** LISTED RECORDS follows **
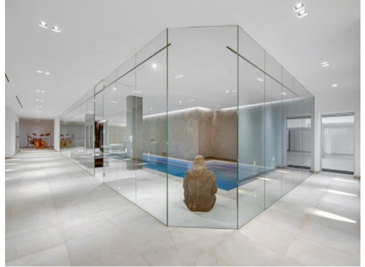
Großflächiger Spa Bereich
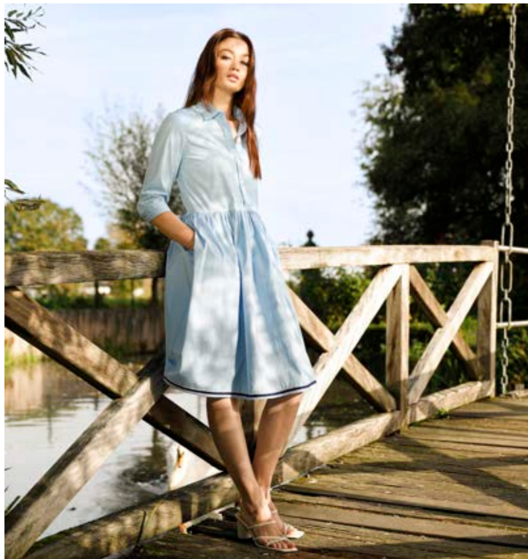
Kleid Klarine-PBKN H00240/730

In jedem Moment liegt ein verborgener Zauber, gewoben aus der Leichtigkeit gestrickter Materialien und einem Hauch von Charme. Diese subtile Eleganz erinnert an die malerische Atmosphäre der Provence, wo selbst die einfachsten Augenblicke zu kostbaren Erinnerungen werden.
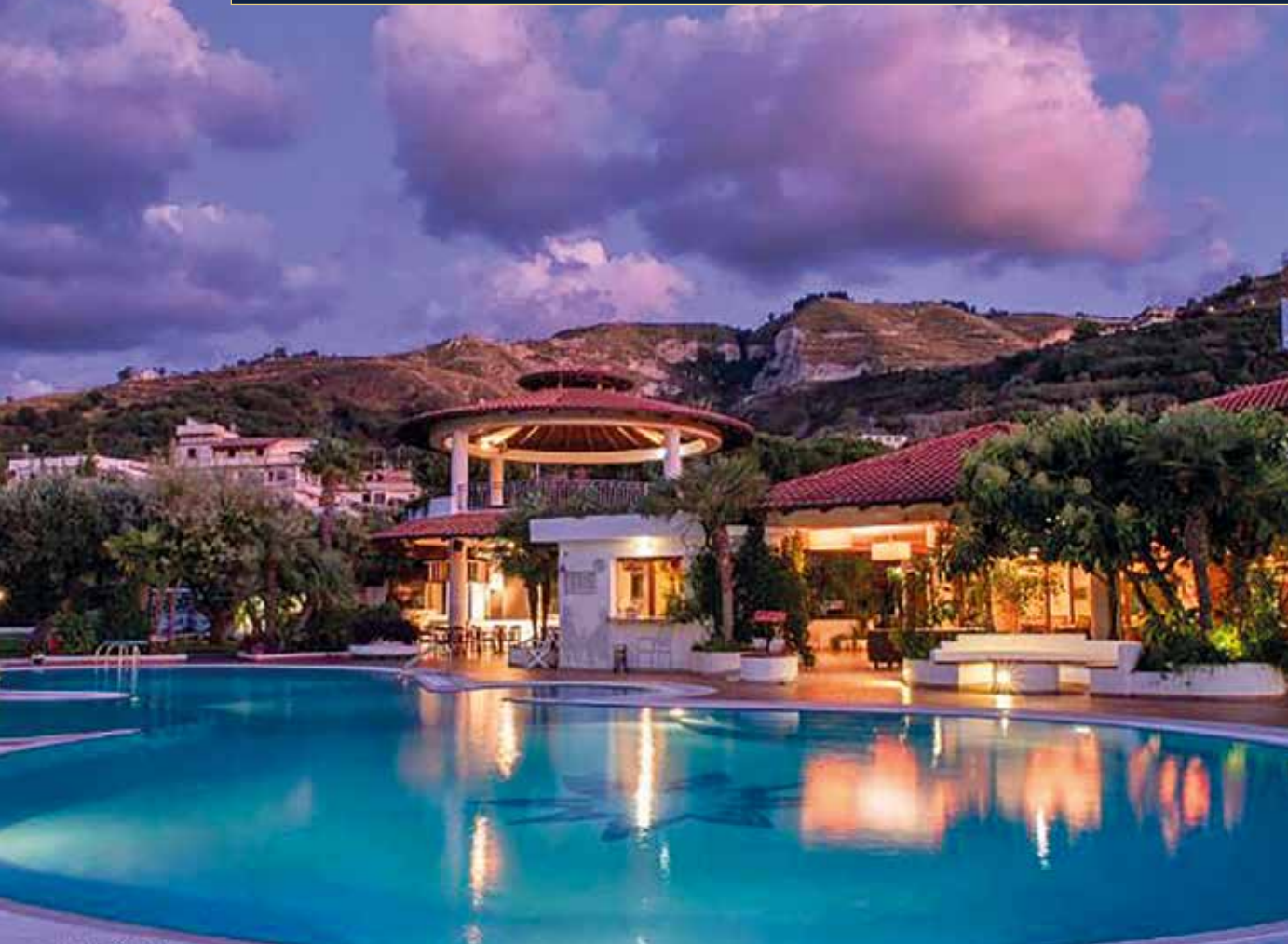
Ihr Hotelpool mit Blick über die mediterrane Landschaft und das Meer
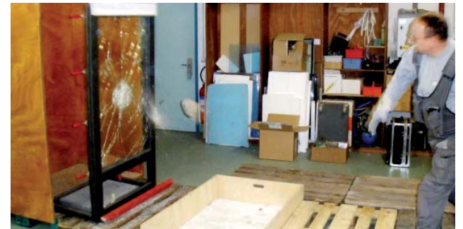
Der Bewurf mit dem 4 kg-Stein zeigt es deutlich, das Glas mit der Sicherheitsfolie ist durchwurfhemmend.

Rund 95% aller Einbrüche in Wohnobjekte erfolgen bei Abwesenheit der Bewohner und mehr als die Hälfte davon tagsüber. In der Schweiz wurde letztes Jahr mit Abstand am häufigsten in Ein- und Mehrfamilienhäuser eingebrochen: 16 505 Einbrüche in Mehrfamilienhäuser und 8 553 Einbrüche in Einfamilienhäuser wurden gemäss der Polizeistatistik 2010 angezeigt.
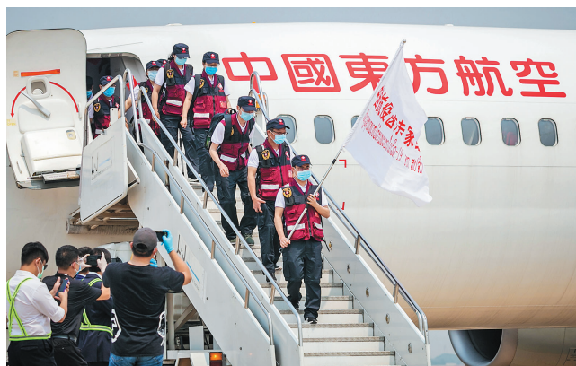
2020年3月29日,在老挝首都万象瓦岱国际机场,中国抗疫医疗专家组成员走下飞机。
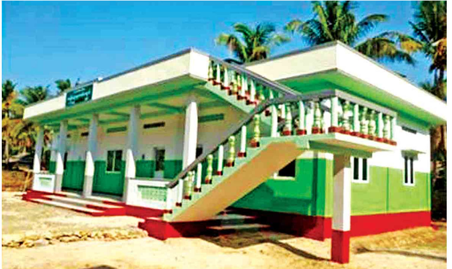
နိုင်ငံတော်အထောက်အပံ့ဖြင့် တည်ဆောက်ထားသည့် စာသင်ကျောင်း။

ရှိသည့် သင်တန်းသား ၁၂၀၀၀ ကျော်အတွက် စားသောက်နေထိုင်ရေးနှင့် သင်တန်းဆိုင်ရာ လိုအပ်ချက်များ၊ သင်တန်းအဆောက်အအုံနှင့် သင်ထောက်ကူပစ္စည်းများအတွက် ခွင့်ပြုရန်ပုံငွေကျပ် ၁၆ ဒသမ ၄၉၄ ဘီလီယံ ကျခံသုံးစွဲဆောင်ရွက်နိုင်ခဲ့ပါသည်။ သို့ဖြစ်ပါ၍ တစ်နှစ်တာကာလအတွင်းမှာ ဝန်ကြီးဌာနအနေဖြင့် စုစုပေါင်းခွင့်ပြုရန်ပုံငွေကျပ် ၈၄ ဒသမ ၇၅၆ ဘီလီယံသုံးစွဲပြီး အကောင်အထည်ဖော်ဆောင်ရွက်နိုင်ခဲ့ပါသည်။ မြန်မာပြည်(မြောက်ပိုင်း) ဝေးလံခေါင်ဖျားသော ပူတာအို-ခေါင်လန်ဖူးလမ်း ဖောက်လုပ်ခြင်း နယ်စပ်ဒေသ လမ်း တံတားလုပ်ငန်းများနှင့်ပတ်သက်၍ နယ်စပ်ရေးရာဝန်ကြီးဌာန၏ မျှော်မှန်းချက်မှာ ကျေးရွာတစ်ရွာနှင့်တစ်ရွာ၊ အထူးကဏ္ဍ (ဂ) သို့ >>>
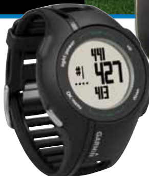
Approach S1 (PNS1)
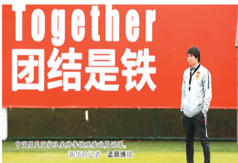
中国男足国家队主帅李铁观看球员训练。
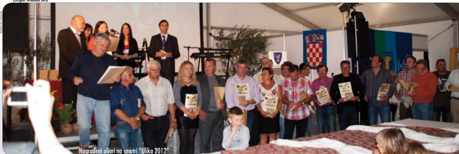
Nagrađeni uljari na smotri "Ulika 2012"

Zanimljivost za sve posjetitelje svakako je bilo natjecanje u pripremi brodeteta među općinama-partnerima, a svojevrsna je atrakcija manifestacije definitivno bila kad su se načelnici četiriju pobratimljenih općina natjecali u pečenju palačinki. Sve u svemu, Općina Medulin pripremila je vrlo bogat kulinarski program te vrhunske domaće i strane gastro i eno specijalitete za sve posjetitelje festivala AGRI TWIN, koji će zasigurno postati tradicionalni događaj.
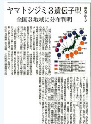
2015年1月15日 山陰中央新報 朝刊第1面
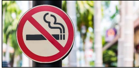
Gambar Foto 10 : Contoh Larangan Meerokok Pada Area Gedung
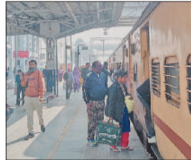
लेटलतीफी का शिकार बनीं। दिल्ली अंबाला रेल मार्ग पर रविवार का दिन यात्रियों के लिए बेहद कष्टकारी साबित हुआ। लंबी दूरी की एक्सप्रेस और सुरप्रफाट
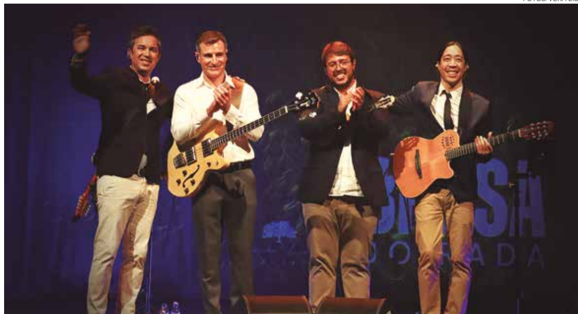
Banda celebrou dez anos de carreira em 2025

A conjugação entre o hospital e o palco é, de facto, um verdadeiro exercício de logística emocional e física. É uma profissão que exige muito de nós física, mental e emocionalmente. E a música, quando é levada a sério e feita com alma, também exige. Há dias em que saímos de um turno difícil e vamos diretos para uma atuação, e vice-versa. Não é fácil, mas vale a pena. Tudo isto só é possível graças ao apoio incondicional das nossas famílias, à compreensão dos nossos chefes de serviço e dos colegas de trabalho. As nossas esposas são verdadeiras heroínas — seguram a casa, os filhos e tantas ausências com uma força e uma generosidade indescritíveis. Sem elas, este projeto simplesmente não existia. São o nosso pilar silencioso. E aos nossos filhos, que tantas vezes adormecem sem um beijo de boa noite porque o pai está no hospital ou num palco... deixamos este mimo escrito:
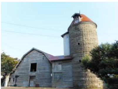
図2：星子牧場サイロ(上野幌)
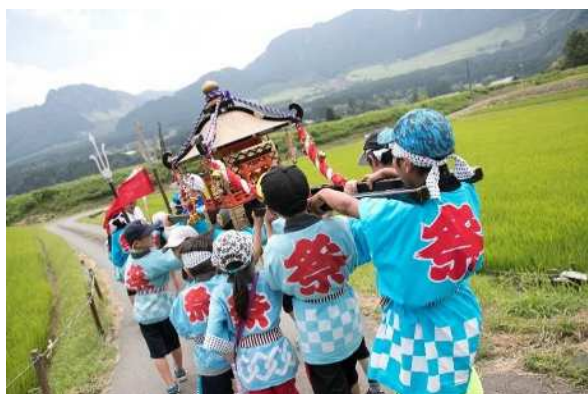
図 3-9 卯添阿蘇神社夏祭り（喜多区）

熊本地震によって破損した石造物も多くありますが、地域住民によって修復・再建されるなど、現在も人々の心の拠り所として、またコミュニティの場として重要な役割を持っています。
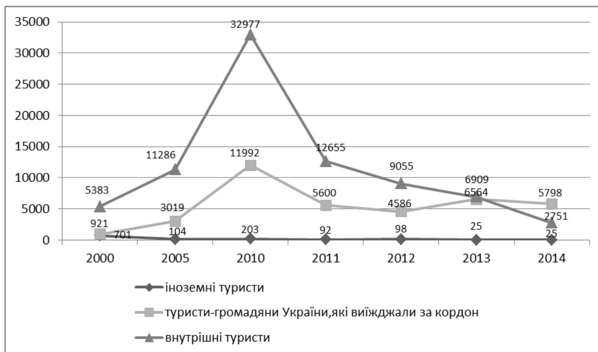
Рис. 3. Динаміка туристичних потоків за видами туризму в Сумській області [3]
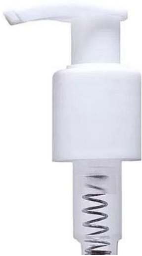
24/415 Pump Branca
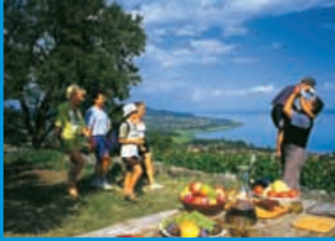
Familienausflug am Plattensee
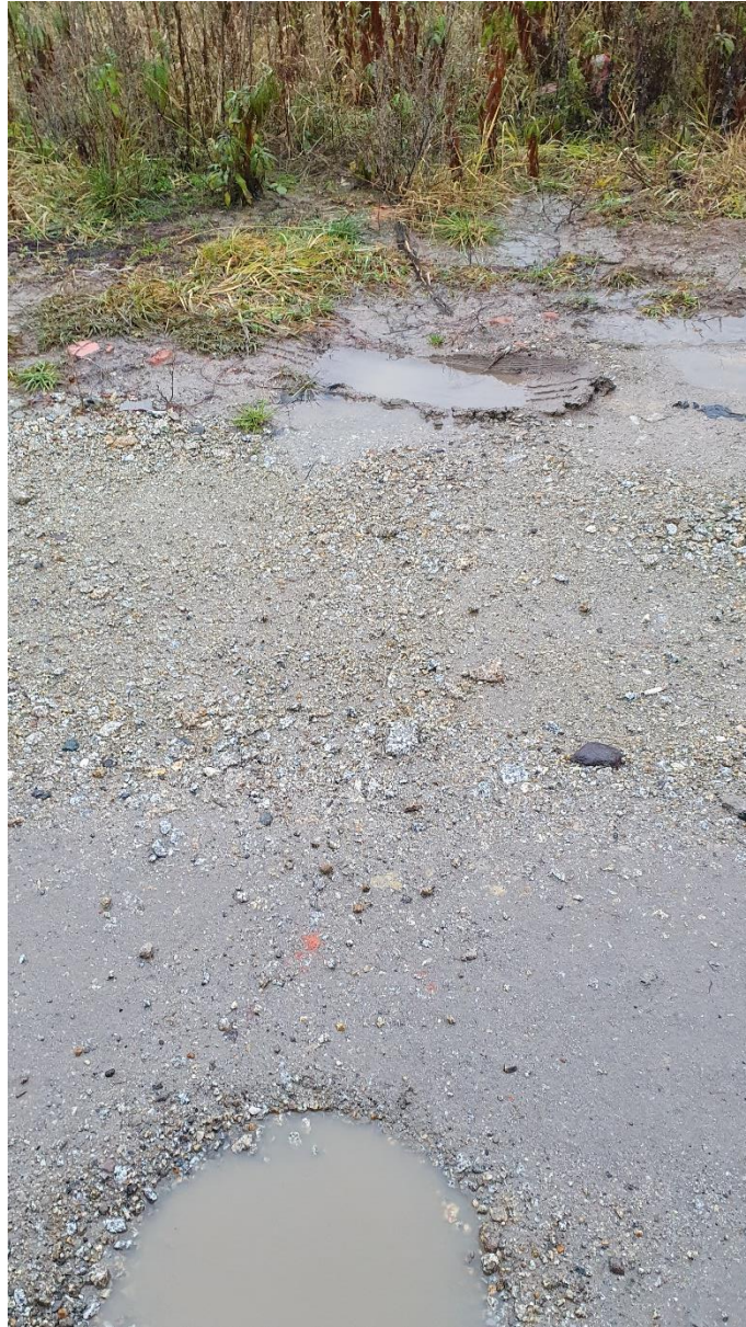
Fot. 7. Miejsce wpięcia kanału z ul. Malinowej, źródło: opracowanie własne
** End of LISTED RECORDS **
## PROMPT:
From the material above, output only the span of lines that starts at the one containing "2020年3月29日,在老挝" and finishes at the one containing "Banda celebrou dez anos de carreira em 2025", word for word and free of pictures.

## COMPLETED EXERCISE:
2020年3月29日,在老挝首都万象瓦岱国际机场,中国抗疫医疗专家组成员走下飞机。
နိုင်ငံတော်အထောက်အပံ့ဖြင့် တည်ဆောက်ထားသည့် စာသင်ကျောင်း။

ရှိသည့် သင်တန်းသား ၁၂၀၀၀ ကျော်အတွက် စားသောက်နေထိုင်ရေးနှင့် သင်တန်းဆိုင်ရာ လိုအပ်ချက်များ၊ သင်တန်းအဆောက်အအုံနှင့် သင်ထောက်ကူပစ္စည်းများအတွက် ခွင့်ပြုရန်ပုံငွေကျပ် ၁၆ ဒသမ ၄၉၄ ဘီလီယံ ကျခံသုံးစွဲဆောင်ရွက်နိုင်ခဲ့ပါသည်။ သို့ဖြစ်ပါ၍ တစ်နှစ်တာကာလအတွင်းမှာ ဝန်ကြီးဌာနအနေဖြင့် စုစုပေါင်းခွင့်ပြုရန်ပုံငွေကျပ် ၈၄ ဒသမ ၇၅၆ ဘီလီယံသုံးစွဲပြီး အကောင်အထည်ဖော်ဆောင်ရွက်နိုင်ခဲ့ပါသည်။ မြန်မာပြည်(မြောက်ပိုင်း) ဝေးလံခေါင်ဖျားသော ပူတာအို-ခေါင်လန်ဖူးလမ်း ဖောက်လုပ်ခြင်း နယ်စပ်ဒေသ လမ်း တံတားလုပ်ငန်းများနှင့်ပတ်သက်၍ နယ်စပ်ရေးရာဝန်ကြီးဌာန၏ မျှော်မှန်းချက်မှာ ကျေးရွာတစ်ရွာနှင့်တစ်ရွာ၊ အထူးကဏ္ဍ (ဂ) သို့ >>>
Approach S1 (PNS1)
中国男足国家队主帅李铁观看球员训练。
Nagrađeni uljari na smotri "Ulika 2012"

Zanimljivost za sve posjetitelje svakako je bilo natjecanje u pripremi brodeteta među općinama-partnerima, a svojevrsna je atrakcija manifestacije definitivno bila kad su se načelnici četiriju pobratimljenih općina natjecali u pečenju palačinki. Sve u svemu, Općina Medulin pripremila je vrlo bogat kulinarski program te vrhunske domaće i strane gastro i eno specijalitete za sve posjetitelje festivala AGRI TWIN, koji će zasigurno postati tradicionalni događaj.
2015年1月15日 山陰中央新報 朝刊第1面
Gambar Foto 10 : Contoh Larangan Meerokok Pada Area Gedung
लेटलतीफी का शिकार बनीं। दिल्ली अंबाला रेल मार्ग पर रविवार का दिन यात्रियों के लिए बेहद कष्टकारी साबित हुआ। लंबी दूरी की एक्सप्रेस और सुरप्रफाट
Banda celebrou dez anos de carreira em 2025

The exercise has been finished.